Em declaração exclusiva ao Território Livre, da jornalista Laurita Arruda, Rocha se afirmou surpreso de ter o nome lembrado de forma espontânea para o cargo e disse que permanece focado em suas atividades empresariais e em projetos de caráter social, descartando qualquer movimentação eleitoral por enquanto.

Esse “por enquanto” e a falta de uma declaração mais firme descartando a possiblidade de disputar o Senado é que animam os que pretendem convencê-lo a aceitar a candidatura. Aos 68 anos de idade e numa fase da vida em que a atuação no grupo Guararapes, agora tocado no dia a dia por um CEO, lhe dá mais espaço para participar da vida política institucional, embora ainda não partidária, a possibilidade de ser senador pode mexer com sua vontade de ter uma atuação que, mesmo fora das urnas, sempre se manifestou na vida política nacional.

A família Rocha continua muito influente nos meios empresariais brasileiros. No dia 17 de dezembro do ano passado, o sobrinho, Gabriel Kanner, reuniu em sua casa no Jardim Paulista, cerca de 50 empresários para um almoço com o senador Flávio Bolsonaro, candidato à presidência da República, costurando um apoio do mercado financeiro e do grande varejo que tem mais simpatia pelo nome do governador Tarcísio de Freitas. No encontro, conforme foi noticiado, o senador Bolsonaro se apresentou como figura equilibrada e buscando atrair o setor produtivo para seu lado.

O próprio Flávio Rocha criou o Instituto Brasil 200 em 2018, depois presidido por Gabriel Kanner, uma ONG que defende uma economia de mercado liberal e um estado de direito com limites de ação do governo. E continua firma na sua defesa da bandeira do Imposto Único, que assumiu quando foi deputado federal aos 28 anos de idade e chegou a embalar uma pré-candidatura à presidência da República em 94.

Também em 2018, ele se filiou ao Republicanos e voltou a ter uma pré-candidatura à Presidência da República lançada pelo partido, mas a medida que a campanha avançava ficou claro que o eleitor de direita já havia cristalizado o voto em Jair Bolsonaro, o que fez Rocha perceber que sua candidatura poderia apenas fragmentar a direita, dificultando uma vitória contra o PT. Ao desistir, ele declarou: "O momento exige a união de forças para evitar o retorno de um projeto de país que tanto prejudicou o Brasil."

Desde então, manteve atuação pontual no debate público, mas afastou-se da política partidária direta.

Na cúpula da pré-campanha do candidato Álvaro Dias ao governo foi bem recebida a possibilidade de Flávio Rocha compor a chapa ao Senado ao lado de Styvenson Valentim. Vários prefeitos com quem o candidato a vice, Babá Pereira, mantém contato, avaliaram como positiva a volta de Rocha à política.
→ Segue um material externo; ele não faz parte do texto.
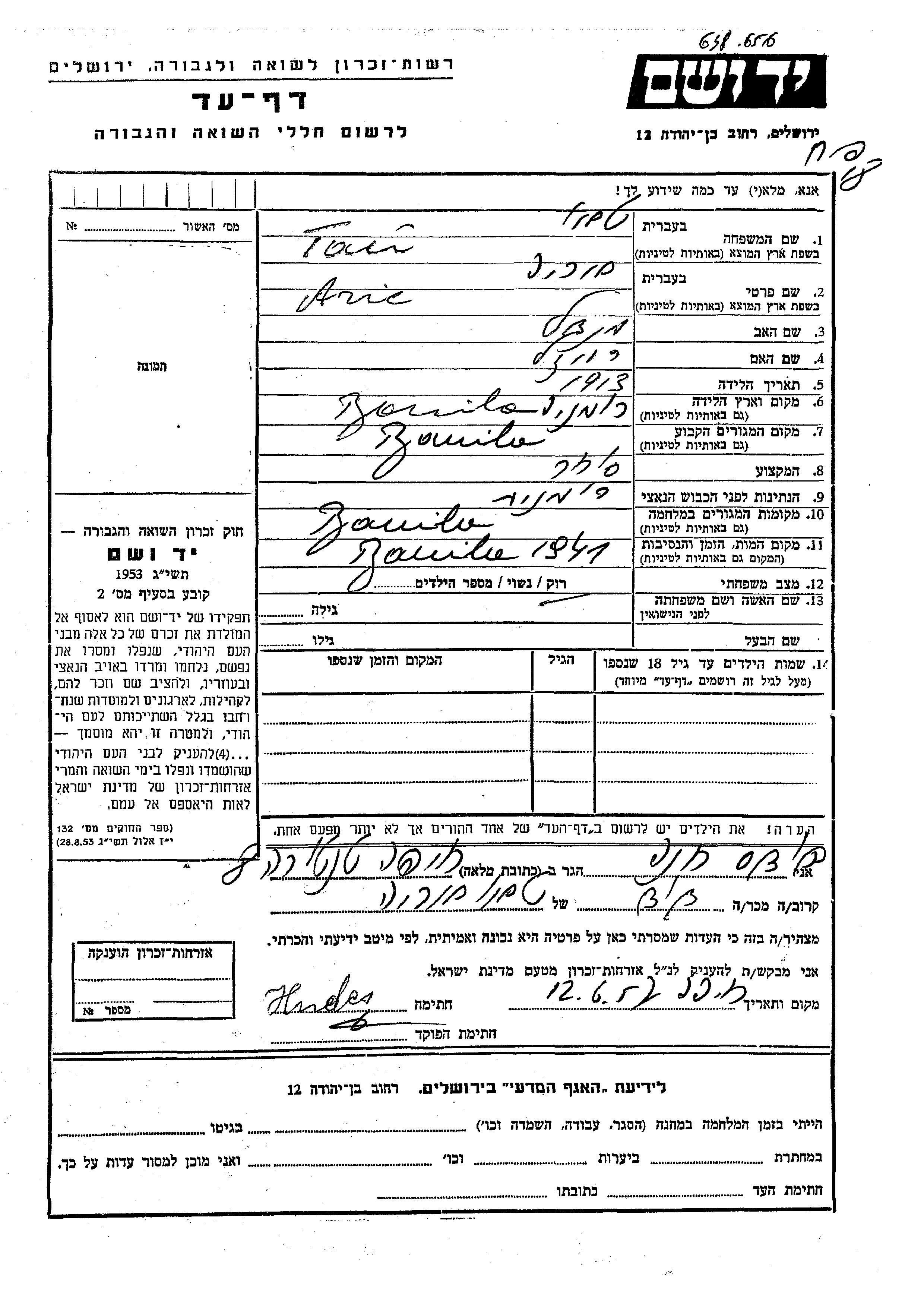 Arie Tau wurde im Jahr 1913 in Banila Siret, Rumänien geboren. Er war der Sohn von Mendel und Reizl. Er war Kaufmann/-frau und Ledig. Vor dem Zweiten Weltkrieg lebte er in Banila Siret, Rumänien. Während des Krieges war er in Banila Siret, Rumänien.

No meio empresarial, a possibilidade de consolidar a influência do setor varejista no Congresso Nacional, influenciando diretamente as pautas em votação naquela Casa, é vista com muito entusiasmo.

Numa época em que se fala da falta de lideranças no Rio Grande do Norte e no Brasil (quem sabe os nomes dos senadores por São Paulo atualmente?) o empresário Flávio Rocha, que é uma voz ouvida como representante do pensamento liberal nacional, desponta como uma oportunidade para melhorar a influência de uma bancada federal no Congresso.
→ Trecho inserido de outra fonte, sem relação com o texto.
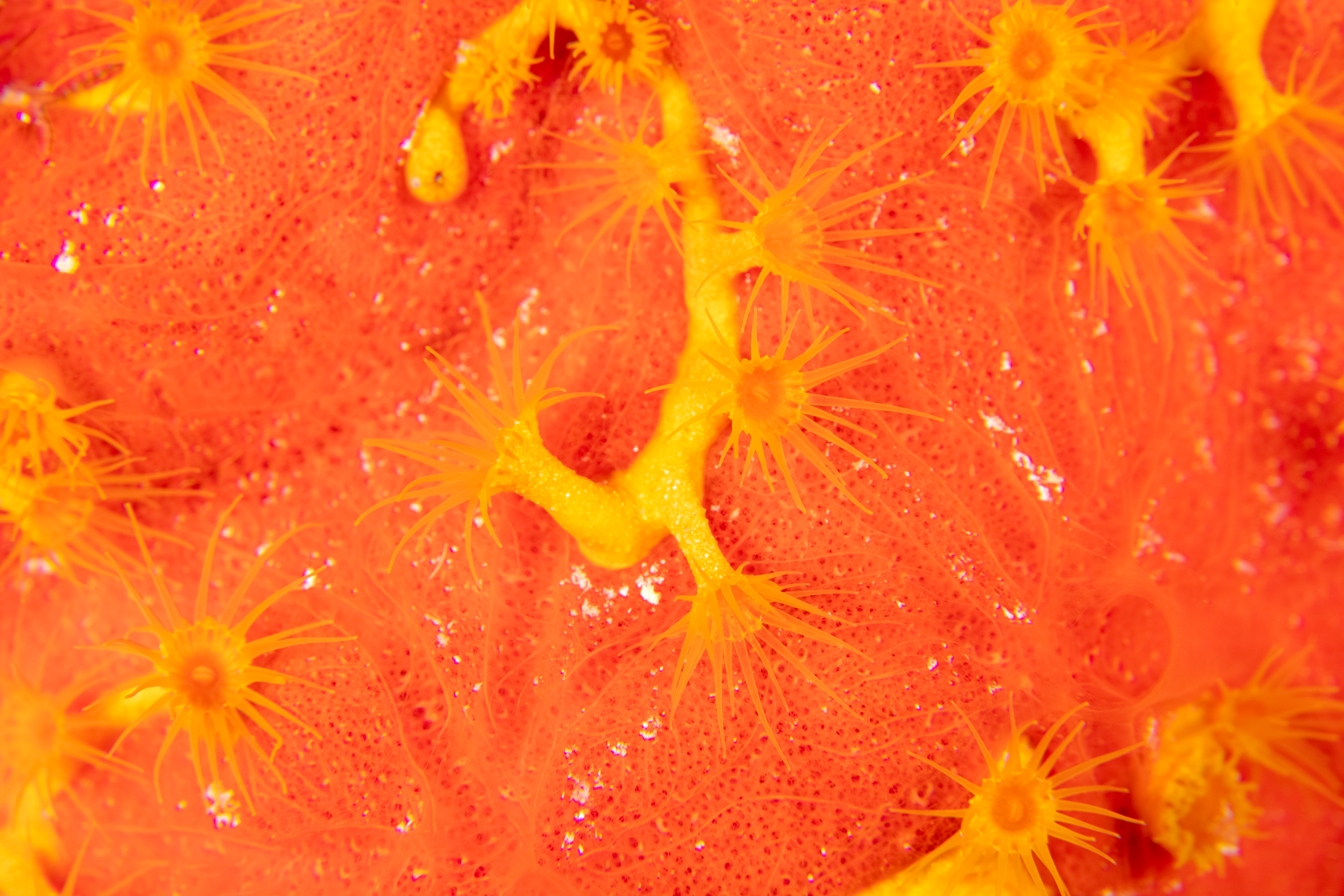 This Species has small, golden-yellow polyps that often form dense rows along sponges. It grows in large colonies.

Além disso, desde 2023, quando o grupo encerrou suas atividades industriais no Ceará para concentrar 100% da produção têxtil em Natal, a Guararapes praticamente dobrou o número de empregos gerados na região metropolitana, inclusive na linha de produção de jeans. Flávio Rocha também é um entusiasta do modelo de negócios que sustenta o Pró-Sertão, transformando a Riachuelo em uma plataforma que "compra o serviço" de milhares de pequenos empresários do sertão potiguar, garantindo que o desenvolvimento econômico chegue a cidades que antes viviam apenas da agricultura de subsistência ou do funcionalismo público, o que lhe daria a bandeira do emprego para apresentar ao eleitorado.
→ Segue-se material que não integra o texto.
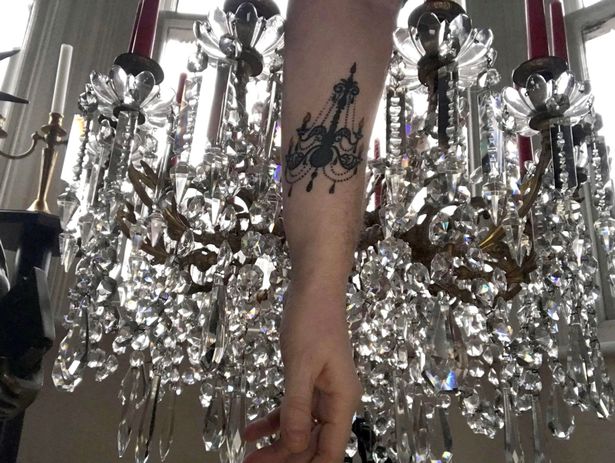 Amanda sem er með eitt annað tattoo – bandaríska fánann á hægri upphandlegg, sagði um Lumiere (ljósakrónuna): „Þegar ég sá Lumiere í fyrsta skipti vissi ég að hún væri sú eina fyrir mig – þetta var ást við fyrstu sýn.“

Do ponto de vista político, Flavio Rocha nega que esteja construindo candidatura, ou participando de articulações. No entanto, como é praxe na política, não fechou completamente a porta para o futuro e, segundo informações que chegaram ao blog, uma pesquisa qualitativa já está contratada para ajudar, dependendo do resultado, a convencê-lo a entrar na disputa.